___ Supplied material ___
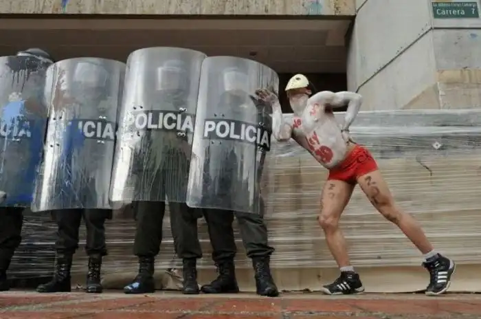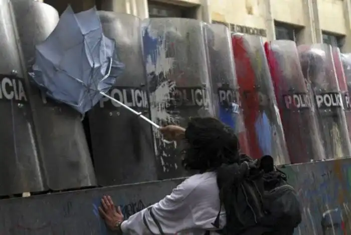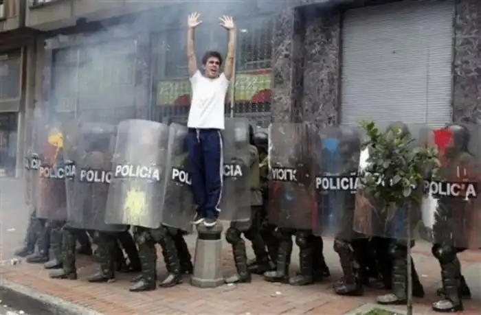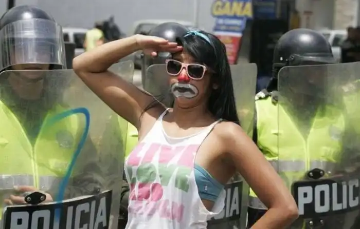 Они раскрашивают их шиты красками, обнимают грозных стражей порядка и целуют их в шлемы.
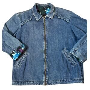 Vintage Denim Blue Jacket with Blue Purple floral lining zip closing size medium
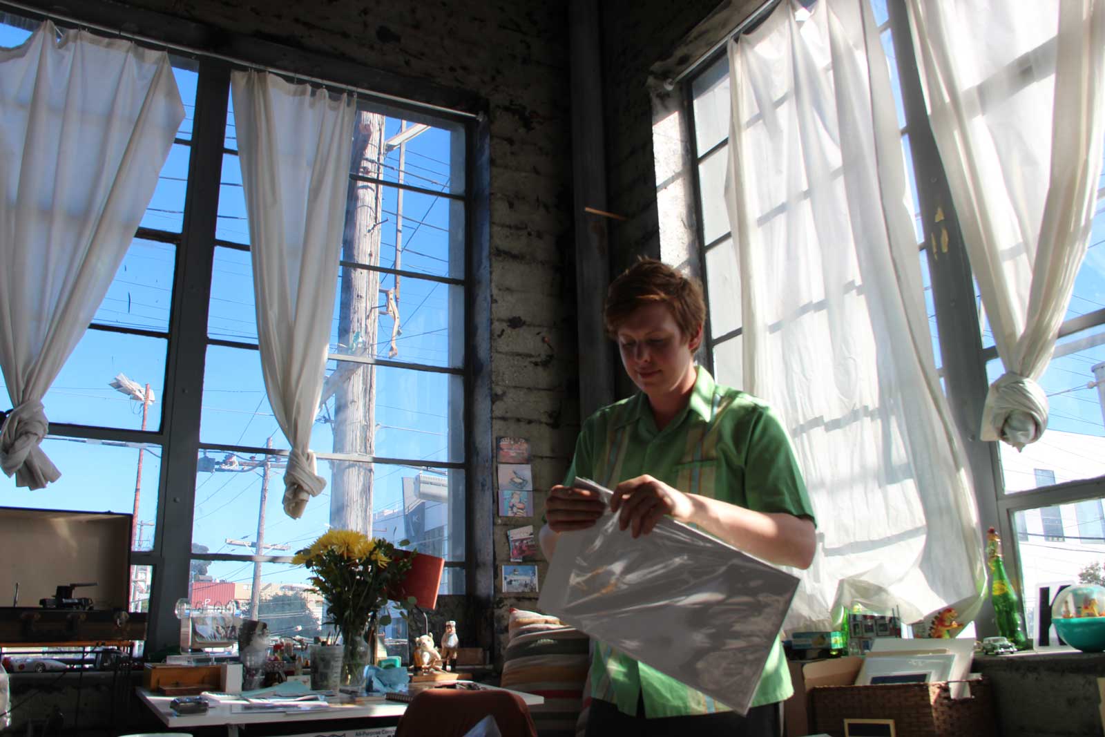Sophia Green, for example, has a cubicle that is part of a big studio on the second floor of the building. It’s a lot like WeWork, but for art.
___
*Directions for this task*
Each line of the material needs to be given again exactly, without any of its pictures.

*Solution*
 Они раскрашивают их шиты красками, обнимают грозных стражей порядка и целуют их в шлемы.
 Vintage Denim Blue Jacket with Blue Purple floral lining zip closing size medium
Sophia Green, for example, has a cubicle that is part of a big studio on the second floor of the building. It’s a lot like WeWork, but for art.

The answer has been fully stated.